This is not a direct answer to the question, but more context, and thus it may be useful for others.
To me, Deleuze is either a genius or a madman. His works seem as some form of nonsensical free-verse poetry littered with alliteration and assonance, yet there may be something meaningful within that is encrypted therein, requiring more than intelligence to open but also a keen eye for puzzle solving and lots of patience.
Here is the full quote in context. I added footnotes for the principles he mentions.
Asymmetric Synthesis of the Sensible
Difference is not diversity. Diversity is given, but difference is
that by which the given is given, that by which the given is given as
diverse. Difference is not phenomenon but the noumenon closest to the
phenomenon. It is therefore true that God makes the world by
calculating, but his calculations never work out exactly [juste], and
this inexactitude or injustice in the result, this irreducible
inequality, forms the condition of the world. The world 'happens'
while God calculates; if the calculation were exact, there would be no
world. The world can be regarded as a 'remainder', and the real in the
world understood in terms of fractional or even incommensurable
numbers. Every phenomenon refers to an inequality by which it is
conditioned. Every diversity and every change refers to a difference
which is its sufficient reason. Everything which happens and
everything which appears is correlated with orders of differences:
differences of level, temperature, pressure, tension, potential,
difference of intensity. Carnot's principle says this in
one fashion, Curie's principle in another. There are
locks everywhere. Every phenomenon flashes in a signal-sign system. In
so far as a system is constituted or bounded by at least two
heterogeneous series, two disparate orders capable of entering into
communication, we call it a signal. The phenomenon that flashes across
this system, bringing about the communication between disparate
series, is a sign. "The emerald hides in its facets a bright-eyed
water-sprite . . .": every phenomenon is of the "bright-eyed
water-sprite" type, made possible by an emerald. Every phenomenon is
composite because not only are the two series which bound it
heterogeneous but each is itself composed of heterogeneous terms,
subtended by heterogeneous series which form so many sub-phenomena.

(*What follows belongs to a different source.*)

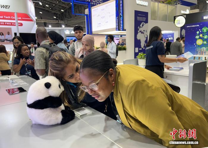 當(dāng)?shù)貢r(shí)間11月11日,第28屆非洲科技節(jié)在南非開普敦開幕。圖為與會(huì)嘉賓在中國(guó)企業(yè)展區(qū)了解接入人工智能系統(tǒng)的毛絨玩具?!≈行律缬浾?孫翔 攝

The expression ‘difference of intensity’ is a tautology. Intensity is
the form of difference in so far as this is the reason of the
[object]. Every intensity is differential, by itself a difference.
Every intensity is E – E’, where E itself refers to an e – e’, and e
to ε – ε’ etc.: each intensity is already a coupling (in which each
element of the couple refers in turn to couples of elements of another
order), thereby revealing the properly qualitative content of
quantity. We call this state of infinitely doubled difference which
resonates to infinity disparity. Disparity—in other words, difference
or intensity (difference of intensity)—is the sufficient reason of all
phenomena, the condition of that which appears.
 Carnot's theorem, developed in 1824 by Nicolas Léonard Sadi Carnot, also called Carnot's rule, is a principle that specifies limits on the maximum efficiency any heat engine can obtain, which thus solely depends on the difference between the hot and cold temperature reservoirs.
 The Curie symmetry principle (Curie, 1894) is the causality relation between the symmetry of the cause and that of the effect. The principle is composed of three parts:
- If certain causes yield the known effects, the symmetry elements of the causes should be contained in the generated effects.
- If the known effects manifest certain dissymmetry (absence of symmetry elements), this latter should be contained in the causes which have generated those effects.
- The converse to these two previous propositions is not true, at least in practical: i.e., the effects may have higher symmetry than the causes which generate these effects.
Curie's principle expressed in other words: a crystal under an external influence will exhibit only those symmetry elements that are common to the crystal without the influence and the influence without the crystal.